Scientific classification
- Kingdom: Animalia
- Phylum: Arthropoda
- Clade: Pancrustacea
- Class: Insecta
- Order: Odonata
- Suborder: Zygoptera
- Family: Coenagrionidae
- Genus: Ischnura
- Species: I. senegalensis
- Binomial name: Ischnura senegalensis (Rambur, 1842)
- Synonyms: Agrion senegalense Rambur, 1842; Enallagma brevispina Selys, 1876;

= Ischnura senegalensis =

- Authority: (Rambur, 1842)
- Conservation status: LC
- Synonyms: Agrion senegalense Rambur, 1842, Enallagma brevispina Selys, 1876

Species of insect

Ischnura senegalensis, also known variously as common bluetail, marsh bluetail, ubiquitous bluetail, African bluetail, and Senegal golden dartlet, is a widespread damselfly of the family Coenagrionidae. It is native from Africa, through the Middle East, to southern and eastern Asia.

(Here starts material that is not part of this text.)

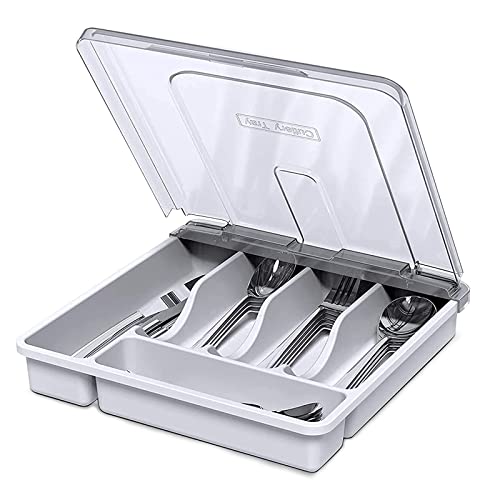 HIMAugbo Plast Besticklåda med Lock, Bestickbricka för Lådor med 5 Fack, Stor Storlek Fallresistent Bestick Förvaringslåda, Lämplig för Förvaring av Köksredskap eller Camping, 30 * 30 * 7cm,White
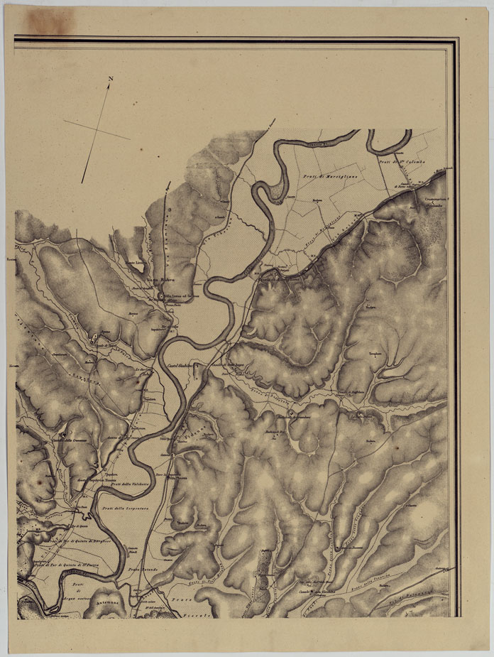 "E PER MEZZO DELLA MENSOLA DELINEATA SULLA PROPORZIONE DI 1:25.000 DAL BARONE DI MOLTRE AJUTANTE DI CAMPO DI S.A. REALE IL PRINCIPE ENRICO DI PRUSSIA A ROMA NEGLI ANNI 1845 E 1846. WEBER CAPITANO DELL'ARTIGLIERIA DISEGNO'. ENRICO BROSE INCISE. CARATTERI DA JAECK. HAMPE IMPRESSE. BERLINO, PRESSO SIMONE SHROPP E C. 1852. Carta in due fogli riuniti e montati su tela. Nitida incisione su rame con orografia rappresentata mediante il tratteggio. Si estende da Isola Farnese (nord) a Torre Vergata (sud) e da Maglianella (ovest) a Cervaretto (est). In alto a destra otto scale grafiche in misure antiche italiane ed estere. La copia N°16 è in due fogli montati su tela a stacchi con ricognizione della rete stradale eseguita nel 1872 dal Capo di S. M. Rosalba, come da nota monoscritta. La copia N°17 è una riproduzione in 4 fogli eseguita nel 1876 (?) dall' I.G.M."

==Description and habitat==
It is a small damselfly with black capped bluish green eyes. Its thorax is black on dorsum and greenish blue on the sides. Its abdomen is black on dorsum up to segment 7. Segments 1 and 2 are greenish blue and 3 to 7 are khaki yellow on the sides. Segments 8 and 9 are azure blue, with 9 black on dorsum. Segment 10 is black on dorsum and khaki yellow on the sides. The green on thorax and abdomen may turn to blue in both male and female when aged.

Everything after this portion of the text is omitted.